北澤 繁太さんのレビュー

少年フィデル (TWJ books)
フィデル カストロ=ルス (フィデル カストロ=ルス) 評価4.0 点 平均(4.0)
  • 出版日:2007-10-24
  • 種類:単行本
  • ISBN:4862560105
読書タグ: フィデル・カストロ  キューバ革命  チェ・ゲバラ 

評価4.0 点 (4.0)

投稿日 2017-01-12 06:50:24

【最後の共産主義者】

そのプライベートを語ることは避けてきたフィデル・カストロが、幼少期や青年時代について語る自伝的な描写を集めたもの。カトリック系名門校での教育、政治活動に参加する動機となった宗教の影響などを語っている。

はっきり言って、読んで面白いものではなかった。しかしながら、フィデル・カストロが自身の言葉で自らの形成期に焦点を当て、少年フィデル、若き反逆者フィデルを眺めた本書は、貴重な一冊であることは理解できる。

武装勢力を組織し、一九五三年にモンカダ兵営襲撃を計画して失敗。投獄された際に監獄から送り続けた手紙も収録されている。

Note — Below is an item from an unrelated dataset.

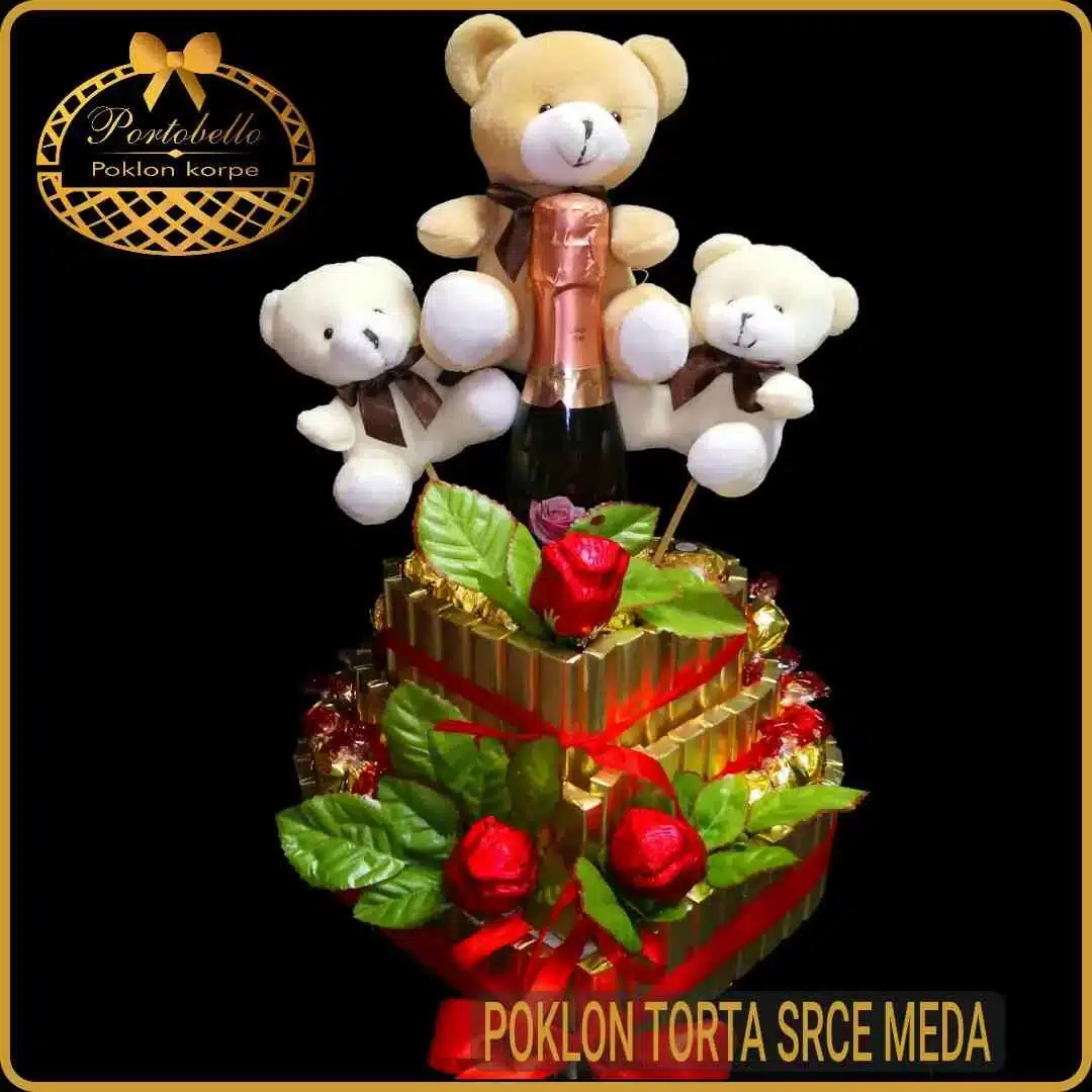 Poklon torta Srce meda je slatki poklon za devojku. Mali šampanjac, plišane mede, čokoladne ruže, i puno čokoladica, aranžirani u prelepoj torti u obliku srca, daju jedan jedinstven poklon za devojku. Originalan poklon za zaljubljenje ili upečatljiv poklon devojci za rodjendan. Nijedna devojka neće ostati ravnodušna, kada primi ovakav poklon ljubavi.
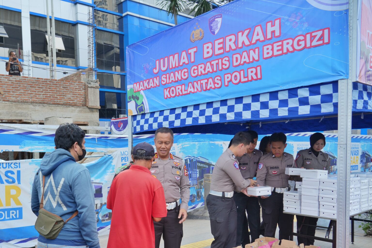 Korlantas Polri kembali menunjukkan kepedulian terhadap masyarakat dengan menggelar kegiatan Jumat Berkah, yakni membagikan makan siang gratis dan bergizi di depan Gedung Korlantas Polri, Jumat (25/10/2024).

その後メキシコに亡命して、一九五六年にチェ・ゲバラとともに再びキューバ上陸を果たす。

この回顧録はフィデル・カストロが釈放されるまでを扱ったものであり、残念ながらチェ・ゲバラは出てこないものの、編者解説にはチェ・ゲバラの言葉が引用されており、二人の絆がどれほど深いものだったかがわかる。

「フィデルと一晩中話した。日が昇るまでには彼の遠征軍で主治医になることになっていたよ。実際、グワテマラでフィナーレを飾るラテンアメリカをめぐる長旅を経験して、暴君に対する革命に参加するのにだれかからの説得は必要なかった。だけど、フィデルの桁はずれの人間性には驚かされた。彼は多くの問題に取り組み、不可能を可能にしてきた。並はずれた信念をもち、キューバに旅立てば必ずたどりつくだろうし、たどりつけば必ず戦うだろう。そして、戦えば必ず勝つと信じている。私は彼の楽天的な考えを共有することになった」

同じ出版社で、フィデル・カストロによる『チェ・ゲバラの記憶』という本もある。続編を心待ちにしている、海堂尊がゲバラの生涯を描く長編四部作の予習として読んでおきたい。そこで描かれるフィデルもまた楽しみ。

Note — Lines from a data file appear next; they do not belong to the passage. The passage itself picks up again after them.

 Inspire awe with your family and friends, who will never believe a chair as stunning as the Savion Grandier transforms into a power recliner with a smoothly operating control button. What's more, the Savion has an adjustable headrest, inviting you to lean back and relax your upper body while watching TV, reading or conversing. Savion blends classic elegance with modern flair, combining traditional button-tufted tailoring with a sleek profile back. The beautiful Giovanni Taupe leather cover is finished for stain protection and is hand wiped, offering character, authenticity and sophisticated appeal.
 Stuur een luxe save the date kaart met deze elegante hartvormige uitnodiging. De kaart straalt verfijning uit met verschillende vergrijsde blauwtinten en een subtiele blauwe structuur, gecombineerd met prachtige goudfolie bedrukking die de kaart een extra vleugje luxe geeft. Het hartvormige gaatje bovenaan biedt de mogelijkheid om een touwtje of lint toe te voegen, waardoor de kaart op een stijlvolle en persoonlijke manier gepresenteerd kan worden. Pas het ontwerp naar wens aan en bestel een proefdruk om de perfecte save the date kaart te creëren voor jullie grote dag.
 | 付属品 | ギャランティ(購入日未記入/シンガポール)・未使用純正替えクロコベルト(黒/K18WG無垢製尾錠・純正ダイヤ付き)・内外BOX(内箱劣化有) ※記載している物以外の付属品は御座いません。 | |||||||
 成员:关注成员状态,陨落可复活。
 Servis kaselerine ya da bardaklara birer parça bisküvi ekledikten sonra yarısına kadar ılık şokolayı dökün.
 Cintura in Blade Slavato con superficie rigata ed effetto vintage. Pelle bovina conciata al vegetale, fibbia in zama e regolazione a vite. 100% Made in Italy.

「だって地図やら顕微鏡、望遠鏡などなくても、階級分化は見えますからね。」

貪欲な読書家だったというフィデル・カストロが、キューバの歴史を考え、民族の性格と性質を見つめ直し、マルクス主義に傾聴し、いかにして「最後の共産主義者」となったか。それまでの経過が見て取れる一冊だった。